Records from a data source:
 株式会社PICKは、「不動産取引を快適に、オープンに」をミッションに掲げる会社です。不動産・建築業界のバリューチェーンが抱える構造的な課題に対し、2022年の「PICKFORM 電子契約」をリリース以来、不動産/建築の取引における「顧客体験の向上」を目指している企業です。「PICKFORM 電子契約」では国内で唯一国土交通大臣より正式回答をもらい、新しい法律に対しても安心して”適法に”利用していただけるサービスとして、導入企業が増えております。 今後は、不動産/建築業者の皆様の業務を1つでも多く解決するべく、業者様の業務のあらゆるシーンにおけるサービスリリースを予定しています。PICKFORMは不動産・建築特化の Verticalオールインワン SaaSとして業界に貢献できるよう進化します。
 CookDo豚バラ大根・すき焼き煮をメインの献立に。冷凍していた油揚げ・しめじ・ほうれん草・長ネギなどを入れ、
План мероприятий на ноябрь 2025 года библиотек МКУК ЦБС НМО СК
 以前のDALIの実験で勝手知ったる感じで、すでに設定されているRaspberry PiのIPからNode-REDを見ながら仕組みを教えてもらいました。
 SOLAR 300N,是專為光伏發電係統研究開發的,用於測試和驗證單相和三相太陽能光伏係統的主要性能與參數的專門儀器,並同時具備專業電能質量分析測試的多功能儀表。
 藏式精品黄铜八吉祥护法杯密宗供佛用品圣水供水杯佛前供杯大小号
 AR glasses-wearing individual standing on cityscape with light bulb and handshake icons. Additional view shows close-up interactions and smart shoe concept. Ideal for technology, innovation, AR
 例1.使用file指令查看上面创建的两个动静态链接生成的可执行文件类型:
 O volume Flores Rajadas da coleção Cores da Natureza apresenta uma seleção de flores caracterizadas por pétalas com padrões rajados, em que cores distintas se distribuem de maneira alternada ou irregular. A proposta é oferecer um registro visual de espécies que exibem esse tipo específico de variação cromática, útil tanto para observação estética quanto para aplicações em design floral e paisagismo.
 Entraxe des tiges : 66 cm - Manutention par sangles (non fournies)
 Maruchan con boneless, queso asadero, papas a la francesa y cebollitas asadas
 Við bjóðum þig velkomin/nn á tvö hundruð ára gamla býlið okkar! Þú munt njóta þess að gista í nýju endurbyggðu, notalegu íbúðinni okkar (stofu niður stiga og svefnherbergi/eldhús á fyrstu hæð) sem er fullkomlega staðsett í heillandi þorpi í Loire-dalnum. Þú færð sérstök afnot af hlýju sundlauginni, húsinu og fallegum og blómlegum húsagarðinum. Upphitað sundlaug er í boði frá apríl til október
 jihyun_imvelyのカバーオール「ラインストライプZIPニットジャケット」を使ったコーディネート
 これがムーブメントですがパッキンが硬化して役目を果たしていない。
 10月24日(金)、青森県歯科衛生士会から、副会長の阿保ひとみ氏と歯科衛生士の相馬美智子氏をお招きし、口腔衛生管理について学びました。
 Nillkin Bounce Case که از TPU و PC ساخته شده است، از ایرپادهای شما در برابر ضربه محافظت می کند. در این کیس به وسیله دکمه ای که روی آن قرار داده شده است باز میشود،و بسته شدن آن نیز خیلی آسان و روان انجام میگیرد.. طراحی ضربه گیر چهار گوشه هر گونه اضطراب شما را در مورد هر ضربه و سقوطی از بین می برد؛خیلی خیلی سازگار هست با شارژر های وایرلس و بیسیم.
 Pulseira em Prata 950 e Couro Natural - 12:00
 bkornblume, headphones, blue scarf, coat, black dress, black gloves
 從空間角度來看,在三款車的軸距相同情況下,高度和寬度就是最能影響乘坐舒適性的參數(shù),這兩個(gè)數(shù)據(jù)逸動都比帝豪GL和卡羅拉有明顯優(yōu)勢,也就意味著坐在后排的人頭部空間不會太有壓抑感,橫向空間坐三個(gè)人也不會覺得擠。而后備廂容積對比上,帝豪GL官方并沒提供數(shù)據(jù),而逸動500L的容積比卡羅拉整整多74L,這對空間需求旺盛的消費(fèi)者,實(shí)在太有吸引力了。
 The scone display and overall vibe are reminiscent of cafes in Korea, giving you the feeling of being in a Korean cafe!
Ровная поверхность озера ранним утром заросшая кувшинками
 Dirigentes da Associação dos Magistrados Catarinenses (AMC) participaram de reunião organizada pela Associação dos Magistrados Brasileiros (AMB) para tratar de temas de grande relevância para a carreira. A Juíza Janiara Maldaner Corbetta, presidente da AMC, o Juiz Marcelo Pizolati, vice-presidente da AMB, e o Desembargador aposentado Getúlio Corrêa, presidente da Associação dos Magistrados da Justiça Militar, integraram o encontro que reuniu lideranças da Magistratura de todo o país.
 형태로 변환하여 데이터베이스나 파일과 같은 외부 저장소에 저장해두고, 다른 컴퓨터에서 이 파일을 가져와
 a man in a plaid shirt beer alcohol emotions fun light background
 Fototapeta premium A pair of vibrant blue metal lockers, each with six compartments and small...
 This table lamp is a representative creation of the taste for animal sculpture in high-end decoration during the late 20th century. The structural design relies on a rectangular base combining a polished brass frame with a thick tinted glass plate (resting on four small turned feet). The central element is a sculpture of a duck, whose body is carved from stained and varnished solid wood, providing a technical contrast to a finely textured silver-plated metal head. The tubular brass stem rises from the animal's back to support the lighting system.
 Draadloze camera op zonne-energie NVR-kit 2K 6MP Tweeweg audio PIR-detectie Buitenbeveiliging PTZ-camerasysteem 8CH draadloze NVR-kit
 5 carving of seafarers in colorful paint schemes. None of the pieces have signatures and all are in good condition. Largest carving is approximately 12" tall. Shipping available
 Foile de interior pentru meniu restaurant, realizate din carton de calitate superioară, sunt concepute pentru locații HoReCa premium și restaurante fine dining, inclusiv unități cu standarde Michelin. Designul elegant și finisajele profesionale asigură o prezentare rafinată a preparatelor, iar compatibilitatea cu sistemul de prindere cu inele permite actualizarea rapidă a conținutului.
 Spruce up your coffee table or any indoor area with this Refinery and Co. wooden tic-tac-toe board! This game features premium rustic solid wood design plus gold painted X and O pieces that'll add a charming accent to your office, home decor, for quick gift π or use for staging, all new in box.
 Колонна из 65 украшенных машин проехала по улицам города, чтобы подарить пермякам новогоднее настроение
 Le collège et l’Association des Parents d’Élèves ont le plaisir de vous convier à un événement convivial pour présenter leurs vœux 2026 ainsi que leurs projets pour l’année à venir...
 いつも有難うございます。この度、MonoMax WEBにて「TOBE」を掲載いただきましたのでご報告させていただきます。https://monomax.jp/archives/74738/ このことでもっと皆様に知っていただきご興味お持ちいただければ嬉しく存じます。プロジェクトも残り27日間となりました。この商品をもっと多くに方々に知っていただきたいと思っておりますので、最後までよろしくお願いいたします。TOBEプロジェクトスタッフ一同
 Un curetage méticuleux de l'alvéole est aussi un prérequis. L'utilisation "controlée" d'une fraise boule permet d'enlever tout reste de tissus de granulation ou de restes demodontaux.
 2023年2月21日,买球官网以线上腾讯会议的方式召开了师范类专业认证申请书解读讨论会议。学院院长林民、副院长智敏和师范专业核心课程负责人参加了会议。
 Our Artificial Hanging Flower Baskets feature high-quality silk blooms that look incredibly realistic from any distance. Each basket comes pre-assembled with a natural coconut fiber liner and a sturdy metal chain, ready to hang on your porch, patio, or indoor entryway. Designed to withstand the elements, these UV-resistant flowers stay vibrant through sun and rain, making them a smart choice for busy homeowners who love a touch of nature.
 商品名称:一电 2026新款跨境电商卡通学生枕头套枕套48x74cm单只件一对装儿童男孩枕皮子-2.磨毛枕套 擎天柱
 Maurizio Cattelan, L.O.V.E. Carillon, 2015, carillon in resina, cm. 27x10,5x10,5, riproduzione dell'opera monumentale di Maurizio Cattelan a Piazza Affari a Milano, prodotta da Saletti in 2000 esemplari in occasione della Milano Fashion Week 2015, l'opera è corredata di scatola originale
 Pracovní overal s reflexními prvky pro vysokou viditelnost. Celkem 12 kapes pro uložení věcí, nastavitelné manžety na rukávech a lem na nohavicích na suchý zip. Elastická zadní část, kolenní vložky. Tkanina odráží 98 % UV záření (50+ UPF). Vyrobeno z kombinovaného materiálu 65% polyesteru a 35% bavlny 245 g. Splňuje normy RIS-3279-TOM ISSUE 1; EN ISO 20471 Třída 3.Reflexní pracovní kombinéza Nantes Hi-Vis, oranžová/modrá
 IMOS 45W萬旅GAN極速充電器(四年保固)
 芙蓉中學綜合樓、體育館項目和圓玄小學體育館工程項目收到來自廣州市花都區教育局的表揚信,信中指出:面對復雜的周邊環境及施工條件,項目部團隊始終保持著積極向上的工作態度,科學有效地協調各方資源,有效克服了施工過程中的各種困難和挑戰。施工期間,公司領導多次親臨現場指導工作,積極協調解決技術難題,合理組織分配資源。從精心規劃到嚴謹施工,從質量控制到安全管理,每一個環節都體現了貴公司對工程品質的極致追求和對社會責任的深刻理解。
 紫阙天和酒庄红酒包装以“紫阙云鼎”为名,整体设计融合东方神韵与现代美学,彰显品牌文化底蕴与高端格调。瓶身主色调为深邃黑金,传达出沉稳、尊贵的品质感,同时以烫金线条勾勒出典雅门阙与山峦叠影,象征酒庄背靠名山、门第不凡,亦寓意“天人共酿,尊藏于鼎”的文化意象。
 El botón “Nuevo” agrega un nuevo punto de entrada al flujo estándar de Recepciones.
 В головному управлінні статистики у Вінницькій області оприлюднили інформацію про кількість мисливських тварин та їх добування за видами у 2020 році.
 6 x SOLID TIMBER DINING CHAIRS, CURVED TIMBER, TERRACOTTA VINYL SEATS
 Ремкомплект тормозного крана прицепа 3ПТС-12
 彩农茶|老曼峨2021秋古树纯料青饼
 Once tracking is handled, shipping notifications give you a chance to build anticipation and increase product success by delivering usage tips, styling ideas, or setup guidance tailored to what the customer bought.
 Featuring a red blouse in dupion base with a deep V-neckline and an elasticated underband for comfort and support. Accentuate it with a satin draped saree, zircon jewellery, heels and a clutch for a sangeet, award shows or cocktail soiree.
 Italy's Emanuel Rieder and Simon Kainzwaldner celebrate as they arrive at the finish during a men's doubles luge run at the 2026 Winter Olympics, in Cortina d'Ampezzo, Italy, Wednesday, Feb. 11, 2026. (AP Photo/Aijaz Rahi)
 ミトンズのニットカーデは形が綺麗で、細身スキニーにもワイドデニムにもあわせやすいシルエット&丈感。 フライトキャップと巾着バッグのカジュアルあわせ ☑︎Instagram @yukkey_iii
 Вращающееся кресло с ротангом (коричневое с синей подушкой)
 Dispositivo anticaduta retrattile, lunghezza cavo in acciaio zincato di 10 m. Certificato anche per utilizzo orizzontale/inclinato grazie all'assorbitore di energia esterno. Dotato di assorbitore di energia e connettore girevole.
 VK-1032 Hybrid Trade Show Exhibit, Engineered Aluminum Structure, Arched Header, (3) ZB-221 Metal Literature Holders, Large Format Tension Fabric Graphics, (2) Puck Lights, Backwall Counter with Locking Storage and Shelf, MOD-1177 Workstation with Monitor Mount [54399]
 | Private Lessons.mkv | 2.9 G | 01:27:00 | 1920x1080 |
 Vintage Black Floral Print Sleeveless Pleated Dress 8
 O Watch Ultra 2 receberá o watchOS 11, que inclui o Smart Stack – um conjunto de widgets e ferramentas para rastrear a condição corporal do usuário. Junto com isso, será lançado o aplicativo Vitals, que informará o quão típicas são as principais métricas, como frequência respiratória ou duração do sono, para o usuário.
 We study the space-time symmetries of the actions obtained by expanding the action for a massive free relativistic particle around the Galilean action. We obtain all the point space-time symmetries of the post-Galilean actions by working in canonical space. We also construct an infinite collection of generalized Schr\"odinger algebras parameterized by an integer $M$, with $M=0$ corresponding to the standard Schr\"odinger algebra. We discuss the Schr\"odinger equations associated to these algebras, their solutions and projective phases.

To do:
Output exactly the leading lines of the data, up to and including the line marked by "以前のDALIの実験で勝手知".

Answer for the task:
 株式会社PICKは、「不動産取引を快適に、オープンに」をミッションに掲げる会社です。不動産・建築業界のバリューチェーンが抱える構造的な課題に対し、2022年の「PICKFORM 電子契約」をリリース以来、不動産/建築の取引における「顧客体験の向上」を目指している企業です。「PICKFORM 電子契約」では国内で唯一国土交通大臣より正式回答をもらい、新しい法律に対しても安心して”適法に”利用していただけるサービスとして、導入企業が増えております。 今後は、不動産/建築業者の皆様の業務を1つでも多く解決するべく、業者様の業務のあらゆるシーンにおけるサービスリリースを予定しています。PICKFORMは不動産・建築特化の Verticalオールインワン SaaSとして業界に貢献できるよう進化します。
 CookDo豚バラ大根・すき焼き煮をメインの献立に。冷凍していた油揚げ・しめじ・ほうれん草・長ネギなどを入れ、
План мероприятий на ноябрь 2025 года библиотек МКУК ЦБС НМО СК
 以前のDALIの実験で勝手知ったる感じで、すでに設定されているRaspberry PiのIPからNode-REDを見ながら仕組みを教えてもらいました。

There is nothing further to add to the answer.